Try it: Print the listing below only from the line that has "16일 도청 서재필실에서" through the line that has "Definitely not movie", exactly, and drop any picture.

Task material:
----------
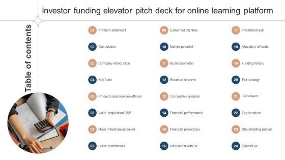 Welcome to our selection of the Table Of Contents Investor Funding Elevator Pitch Deck For Online Learning Platform. These are designed to help you showcase your creativity and bring your sphere to life. Planning and Innovation are essential for any business that is just starting out. This collection contains the designs that you need for your everyday presentations. All of our PowerPoints are 100Percent editable, so you can customize them to suit your needs. This multi-purpose template can be used in various situations. Grab these presentation templates today. Our Table Of Contents Investor Funding Elevator Pitch Deck For Online Learning Platform are topically designed to provide an attractive backdrop to any subject. Use them to look like a presentation pro.
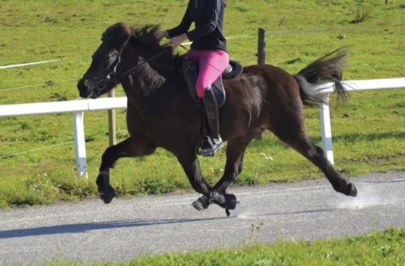 Sol von Möllenbronn ist eine fünfgängig veranlagte Stute mit viel Rennpass. Sie hatte bei uns einige sehr schöne Fohlen, wovon bereits 2 in diesem Jahr erfolgreich gekört wurden. Nach ihrem letzten Fohlen wurde sie wieder schonend antrainiert und wird seitdem geritten. Sols Vater ist der bekannte Stáli frá Kjarri, ihre Mutter ist eine Vidalin frá Hamraholi Tochter. Sie hat sehr viel sehr guten Rennpass und konnte dies auch schon im Reitabzeichen 3 unter Beweis stellen (Note 1,5). Auch im Umgang ist sie sehr brav und motiviert. Neben den Rennpass hat sie viel Tölt. Der Trab und Galopp benötigen noch etwas mehr Routine und Balance. Neben dem Reiten (im Gelände, auf der Ovalbahn oder auch auf dem Reitplatz), ist Sol für jeden Spaß zu haben und macht auch gerne Bodenarbeit etc. Auch Kinder sind sie bereits geritten. Sie steht in einer gemischten Herde und ist Ekzemfrei. Außer einem ausgeheilten Griffelbeinbruch vor vielen Jahren, der sie nicht weiter einschränkt, ist sie vollkommen gesund. Wir können uns Sol sehr gut als perfekten Freizeitpartner, Familienpferd oder auch als Turnierpferd für die Passdisziplinen vorstellen.
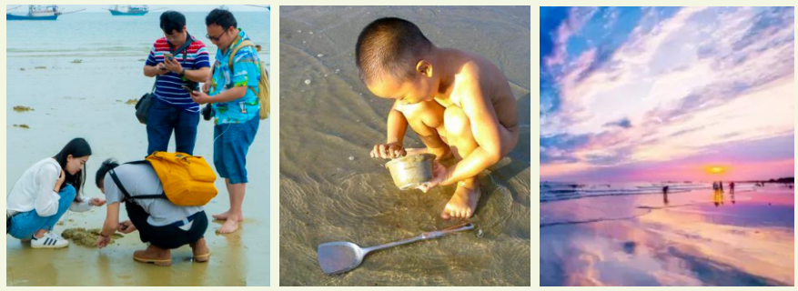 清晨,在天隆三千海私享沙滩段,一个小箩筐一把小铲子带着兴致勃勃的来到退潮了的海滩上,挖海货,有螃蟹、贝类等。海上轻吹夏日风,游人不惧热蒸腾;欢声笑语争鲜贝,追却童心到水中。松软的沙滩,慵懒的阳光,欢快的笑声,还有那一行行或深或浅赶海人的脚印。迎接旭日初升,目送夕阳归去,和他们一起看潮起潮落,云巻云舒,一道靓丽的风景。
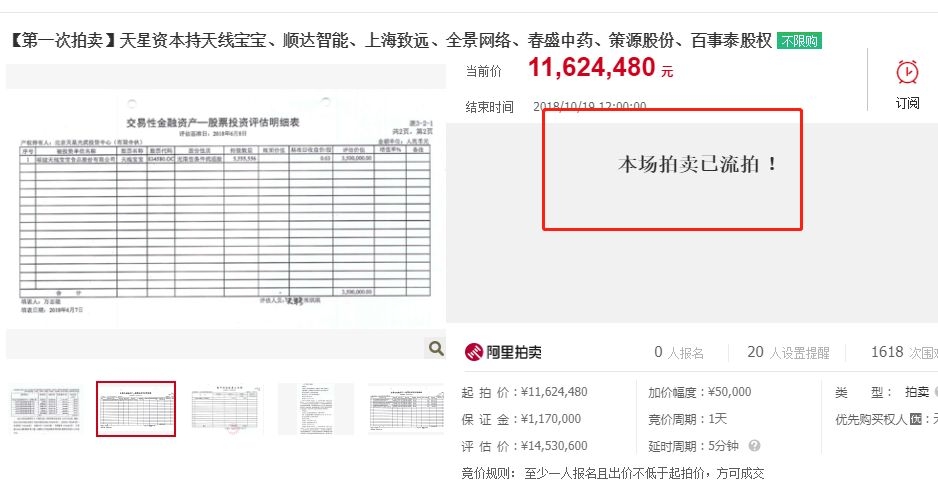 淘宝网司法拍卖平台显示,天星资本所持7家新三板公司股权,将于11月22日12:00开始司法拍卖。
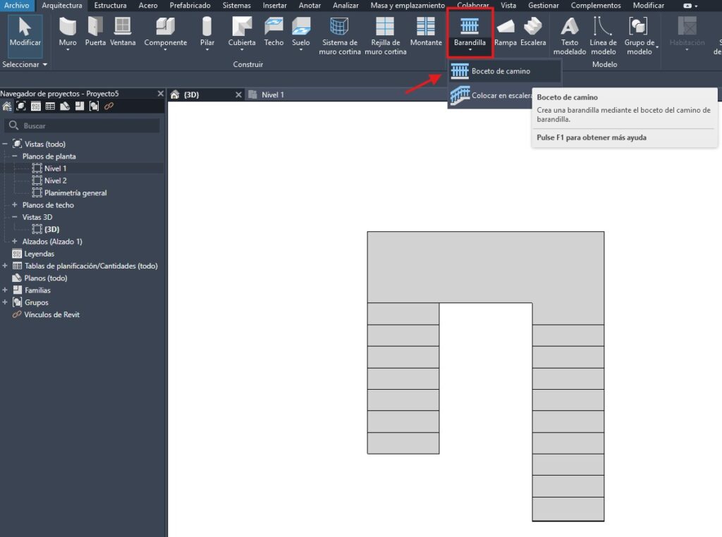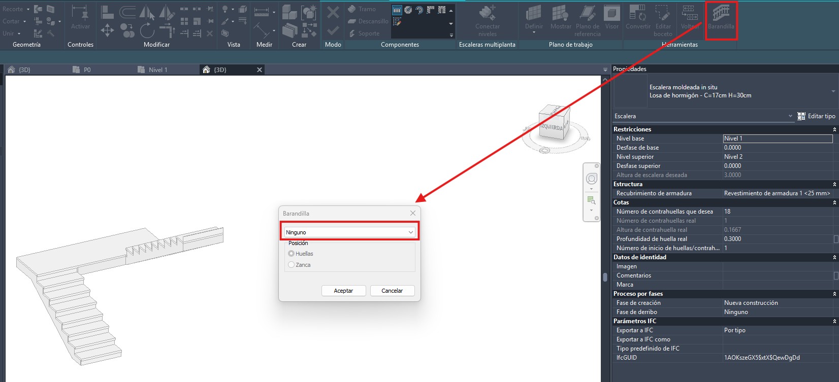 Por otro lado, si queremos crear una barandilla en una escalera ya modelada tenemos dos opciones:
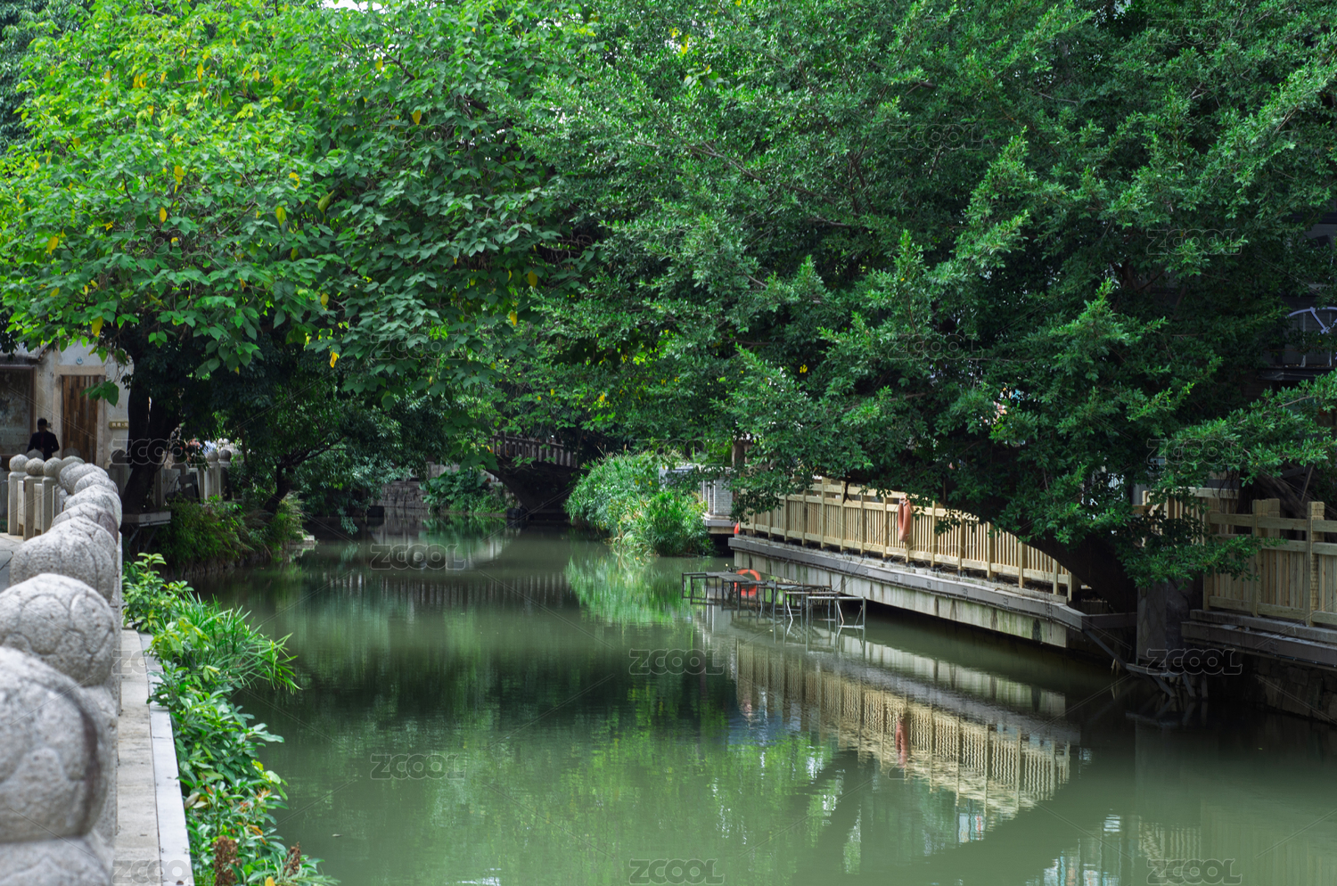 福州上下杭景区绿树环绕的静谧河道景观
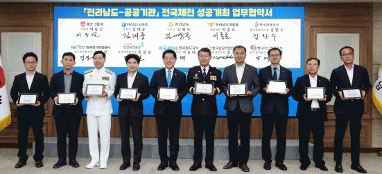 16일 도청 서재필실에서 열린 협약식에는 김영록 전라남도지사와 김대중 전라남도교육감, 이충호 전라남도경찰청장, 이동길 해군3함대 사령관 등 9개 공공기관장(지부장)이 참석했다.
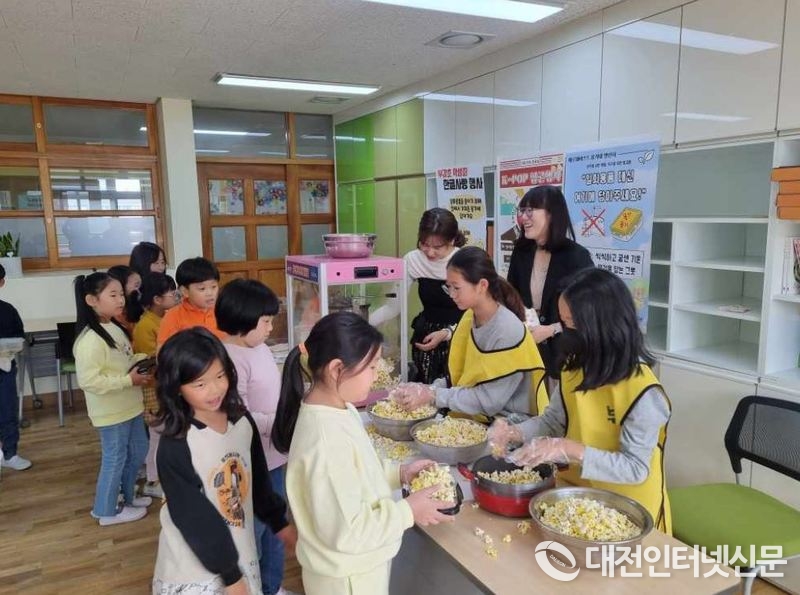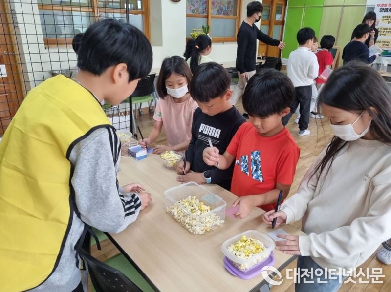 영화감상과 영어가 많이 사용된 한국 가요곡을 아름다운 한글로 개사하여 제출한 학생들에게 각 가정에서 가져온 용기에 팝콘을 제공했다.[사진-세종시]
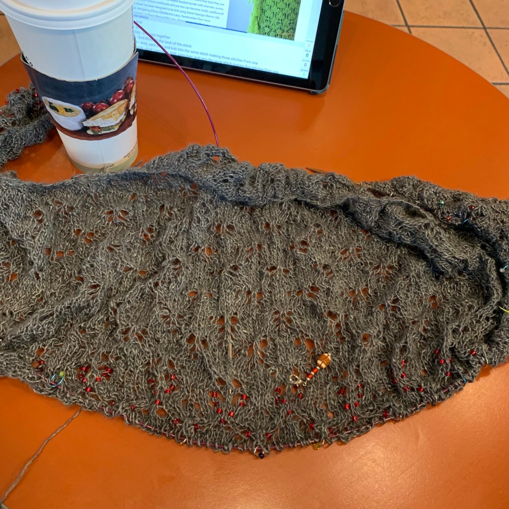 Definitely not movie knitting; I picked up this shawl after walking to the Starbucks cafe in the nearby Barnes and Noble store after leaving the theater. This lace and beads design is wonderfully intuitive. I don’t have to reference my pattern once I start a row. The rows are very long, though. It takes 30-45 minutes, depending on the complexity.
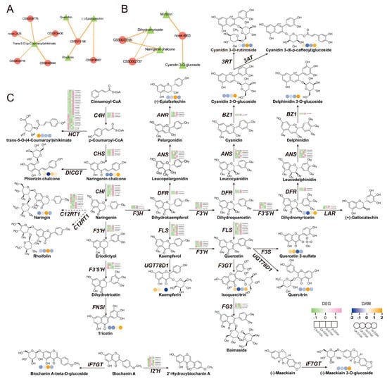 Co-expression analysis of DEGs and DAMs involved in flavonoid biosynthesis. (A) Interaction network of DEGs and DAMs involved in flavonoid biosynthesis in Si-D10d vs. CK-D10d. (B) Interaction network of DEGs and DAMs involved in flavonoid biosynthesis in Si-D20d vs. CK-D20d. Solid lines indicate positive correlations, dashed lines indicate negative correlations, and the thickness of the lines represents the strength of the correlation. (C) Expression profiles of DEGs and DAMs involved in flavonoid biosynthesis. C4H, cinnamate 4-hydroxylase; HCT, shikimate O-hydroxycinnamoyltransferase; CHS, chalcone synthase; DICGT, chalcononaringenin 2′-O-glucosyltransferase; CHI, chalcone isomerase; C12RT1, flavanone 7-O-glucoside 2″-O-beta-L-rhamnosyltransferase; F3H, flavanone 3-hydroxylase; F3′H, flavonoid 3′-hydroxylase; F3′5′H, flavonoid 3′,5′-hydroxylase; FNS1, flavone synthase I; FLS, flavonol synthase; UGT78D1, flavonol-3-O-rhamnosyltransferase; DFR, dihydroflavonol 4-reducatse; ANS, anthocyanidin synthase; ANR, anthocyanidin reductase; LAR, leucoanthocyanidin reductase; BZ1, anthocyanidin 3-O-glucosyltransferase; 3AT, anthocyanidin 3-O-glucoside 6″-O-acyltransferase; F3GT, flavonol 3-O-glucosyltransferase; FG3, flavonol-3-O-glucoside; F3S, flavonol 3-sulfotransferase; IF7GT, isoflavone 7-O-glucosyltransferase; I2′H, isoflavone 2′-hydroxylase.
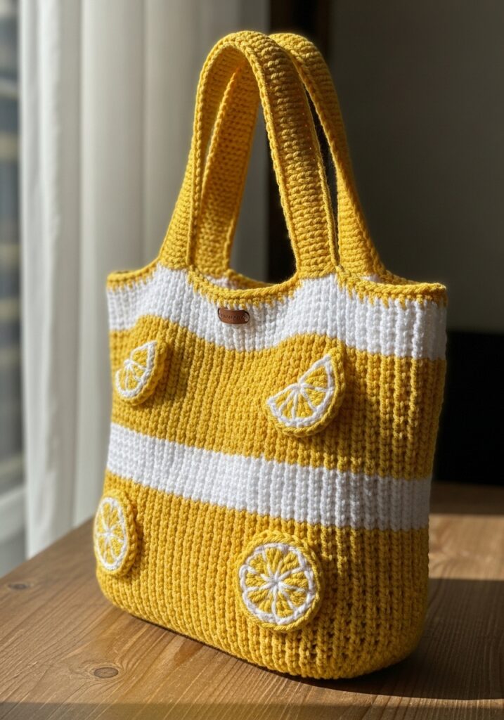 This sunny little tote bag is basically a whole mood in yarn form and I absolutely cannot stop staring at it. Worked in a cheerful golden yellow and crisp white cotton yarn, the bag features bold horizontal stripes across the body that give it that fresh, retro summer aesthetic. The stitch texture is dense and structured throughout, creating a really sturdy bag that clearly holds its shape beautifully. But the details that make this truly special are the three-dimensional lemon slice appliqués dotted across the front, each one carefully crafted with a round whole lemon slice at the bottom and two smaller wedge shapes above it, all worked in white with yellow detailing to mimic the segments of a real lemon. The two chunky handles are crocheted in the same golden yellow and look thick and practical enough to actually carry a decent amount of stuff around.
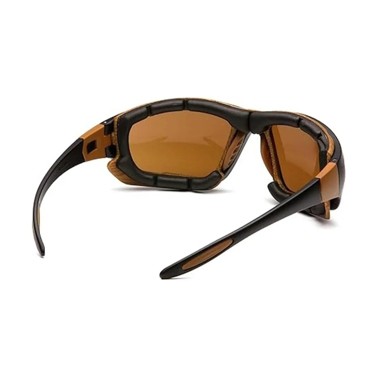 Carhartt Carthage Gafas de seguridad con carro de espuma ventilada, lente antivaho de bronce arenisca
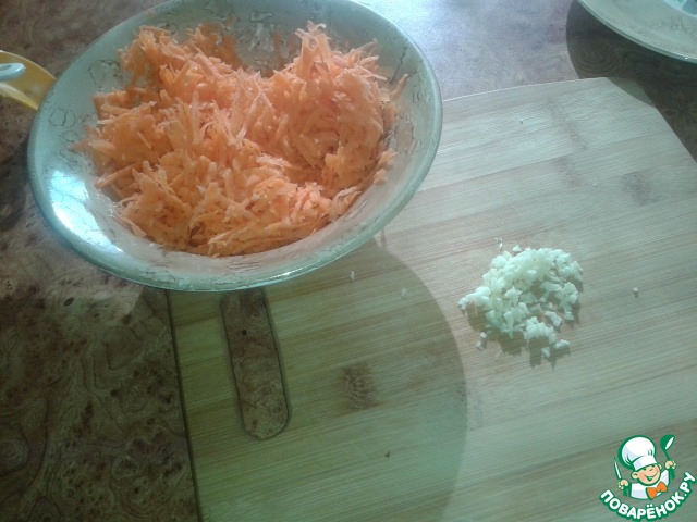 Пока наше мясо готовится, мы приступаем к подготовке морковки и чеснока. Морковь я взяла одну, так как она у меня была достаточно большая. Натираем ее на крупной терке. Чеснок измельчаем ножом (меленько-меленько).
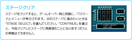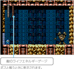 「ロックマン」を操作して、さまざまな武器や、相棒である犬型ロボット「ラッシュ」の機能を利用しながらステージを進んでください。最後に待つボスを倒すとステージクリアとなり、ステージセレクト画面に戻ります。8つのステージは自由な順番で挑戦でき、すべてクリアすると新しいステージに進めるようになります。 ![]() |
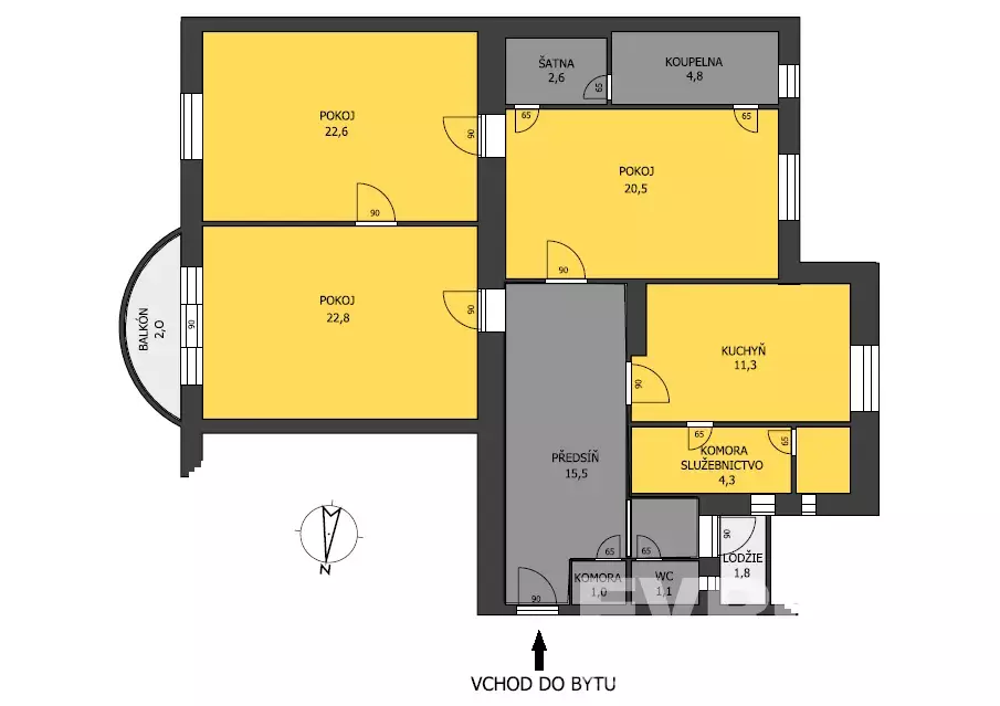Byt se nachází ve 4.NP bez výtahu. Je ideálně orientován na východ (dva velké pokoje 22,6 a 22,8 m2 s balkonem 2 m2) a na západ do klidného vnitrobloku (pokoj 20,5 m2, kuchyň 11,3 m2, koupelna 4,8 m2, lodžie 1,8 m2 a další místnosti). V bytě jsou dřevěná kastlová okna, na podlaze převažují parkety, v kuchyni je PVC, v koupelně velice zajímavé původní lité teraco. Vytápění bytu je litinovými radiátory a etážovým plynovým kotlem, který se nachází v kuchyni. Teplá voda je z plynové karmy, která je v koupelně. Byt je napojen na elektřinu, plyn, kanalizaci a studenou vodu. Výška místností je 3,0 m. Tento byt má provozní náklady vůči SVJ ve výši 3.638,- Kč/měsíčně (např. studená voda 676,- Kč, fond oprav 2.420,- Kč apod.). K bytu patří taky sklepní kóje o velikosti 8 m2. Parkování je možné ve vnitrobloku i před domem v Terronské ulici. PENB třída E.
----------
Task response:
 16일 도청 서재필실에서 열린 협약식에는 김영록 전라남도지사와 김대중 전라남도교육감, 이충호 전라남도경찰청장, 이동길 해군3함대 사령관 등 9개 공공기관장(지부장)이 참석했다.
 영화감상과 영어가 많이 사용된 한국 가요곡을 아름다운 한글로 개사하여 제출한 학생들에게 각 가정에서 가져온 용기에 팝콘을 제공했다.[사진-세종시]
 Definitely not movie knitting; I picked up this shawl after walking to the Starbucks cafe in the nearby Barnes and Noble store after leaving the theater. This lace and beads design is wonderfully intuitive. I don’t have to reference my pattern once I start a row. The rows are very long, though. It takes 30-45 minutes, depending on the complexity.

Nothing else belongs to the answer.